When applying their principal coordinates of neighbor matrices (PCNM; Borcard et al. 2002, Ecological Modelling) method to real ecological data, Borcard et al. (2004, Ecology) recommended to check for linear spatial trends in the response data (linear gradients), prior to the analysis. They advocated that linear trends in the response data could obscure other recoverable structures in the data at finer scales.
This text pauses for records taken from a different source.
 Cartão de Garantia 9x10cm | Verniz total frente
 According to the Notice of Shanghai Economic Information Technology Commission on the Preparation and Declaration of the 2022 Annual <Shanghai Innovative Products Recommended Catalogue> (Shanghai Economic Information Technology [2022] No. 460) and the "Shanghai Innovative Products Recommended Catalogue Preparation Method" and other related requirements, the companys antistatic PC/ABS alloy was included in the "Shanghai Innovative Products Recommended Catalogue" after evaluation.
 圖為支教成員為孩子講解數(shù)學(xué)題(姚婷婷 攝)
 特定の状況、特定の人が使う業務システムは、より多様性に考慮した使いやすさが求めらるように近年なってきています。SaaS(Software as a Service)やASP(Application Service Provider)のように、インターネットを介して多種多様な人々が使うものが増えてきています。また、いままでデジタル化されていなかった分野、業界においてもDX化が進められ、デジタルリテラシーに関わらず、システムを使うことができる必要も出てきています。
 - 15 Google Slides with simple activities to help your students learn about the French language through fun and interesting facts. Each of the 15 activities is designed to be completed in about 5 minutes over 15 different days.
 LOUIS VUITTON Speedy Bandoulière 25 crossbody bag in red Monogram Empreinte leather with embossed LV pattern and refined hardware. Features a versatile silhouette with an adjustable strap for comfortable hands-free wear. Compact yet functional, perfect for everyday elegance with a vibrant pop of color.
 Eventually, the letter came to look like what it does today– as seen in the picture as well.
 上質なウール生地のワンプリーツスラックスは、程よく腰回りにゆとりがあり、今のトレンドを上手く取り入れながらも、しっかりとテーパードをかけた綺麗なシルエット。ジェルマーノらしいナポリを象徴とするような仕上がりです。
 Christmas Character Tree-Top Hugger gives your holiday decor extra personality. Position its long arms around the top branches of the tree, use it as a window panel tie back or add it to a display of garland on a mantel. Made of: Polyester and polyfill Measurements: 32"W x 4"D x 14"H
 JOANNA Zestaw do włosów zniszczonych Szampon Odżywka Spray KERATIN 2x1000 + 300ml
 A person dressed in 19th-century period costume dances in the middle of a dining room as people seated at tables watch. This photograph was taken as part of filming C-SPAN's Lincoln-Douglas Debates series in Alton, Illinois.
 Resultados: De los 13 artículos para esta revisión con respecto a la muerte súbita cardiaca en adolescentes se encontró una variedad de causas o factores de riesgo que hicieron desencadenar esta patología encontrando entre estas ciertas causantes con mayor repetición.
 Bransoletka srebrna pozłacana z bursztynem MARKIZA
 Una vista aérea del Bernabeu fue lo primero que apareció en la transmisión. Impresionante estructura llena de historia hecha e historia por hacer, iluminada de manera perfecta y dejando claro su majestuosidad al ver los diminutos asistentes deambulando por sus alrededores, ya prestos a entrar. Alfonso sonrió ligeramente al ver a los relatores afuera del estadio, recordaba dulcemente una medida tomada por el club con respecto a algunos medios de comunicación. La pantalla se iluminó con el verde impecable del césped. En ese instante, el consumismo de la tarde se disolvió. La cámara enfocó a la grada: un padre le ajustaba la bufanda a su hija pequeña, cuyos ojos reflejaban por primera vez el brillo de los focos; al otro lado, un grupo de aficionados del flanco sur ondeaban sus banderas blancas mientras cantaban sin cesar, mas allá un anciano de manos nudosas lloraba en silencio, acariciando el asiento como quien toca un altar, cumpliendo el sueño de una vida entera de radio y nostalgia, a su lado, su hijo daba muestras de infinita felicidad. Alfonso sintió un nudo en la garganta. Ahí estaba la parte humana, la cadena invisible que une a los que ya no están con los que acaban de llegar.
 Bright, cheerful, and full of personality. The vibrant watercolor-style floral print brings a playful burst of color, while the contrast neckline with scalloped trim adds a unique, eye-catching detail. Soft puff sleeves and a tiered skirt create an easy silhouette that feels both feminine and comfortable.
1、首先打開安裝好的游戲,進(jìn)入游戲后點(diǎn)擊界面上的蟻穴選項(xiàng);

When Dray et al. (2006, Ecological Modelling) introduced their Moran's Eigenvector Maps (MEMs), they showed that PCNMs are a particular case of MEMs. When they analysed one of the datasets of Borcard et al. (2004; the "famous" oribatid mites dataset), they also detrended the response variables (species abundances) by multiple linear regression on geographic coordinates. Using this same dataset, Jombart et al. (2009, Ecography) also detrended the environmental variables.
However, in my dataset (irregular 2D sampling grid), regression on geographic coordinates both: 1) prevents from selecting the best method for constructing the spatial weighting matrix, and 2) when the regression line (e.g. abundance vs. coordinate x) has a negative intercept, the regression can have positive residuals at abundance values = 0, for small-enough values of the geographic coordinates. This hampers the interpretation of the analysis.
Is it mandatory to detrend both the response variables and the environmental variables, if a linear gradient is found? In this case, how to solve the mentioned issues?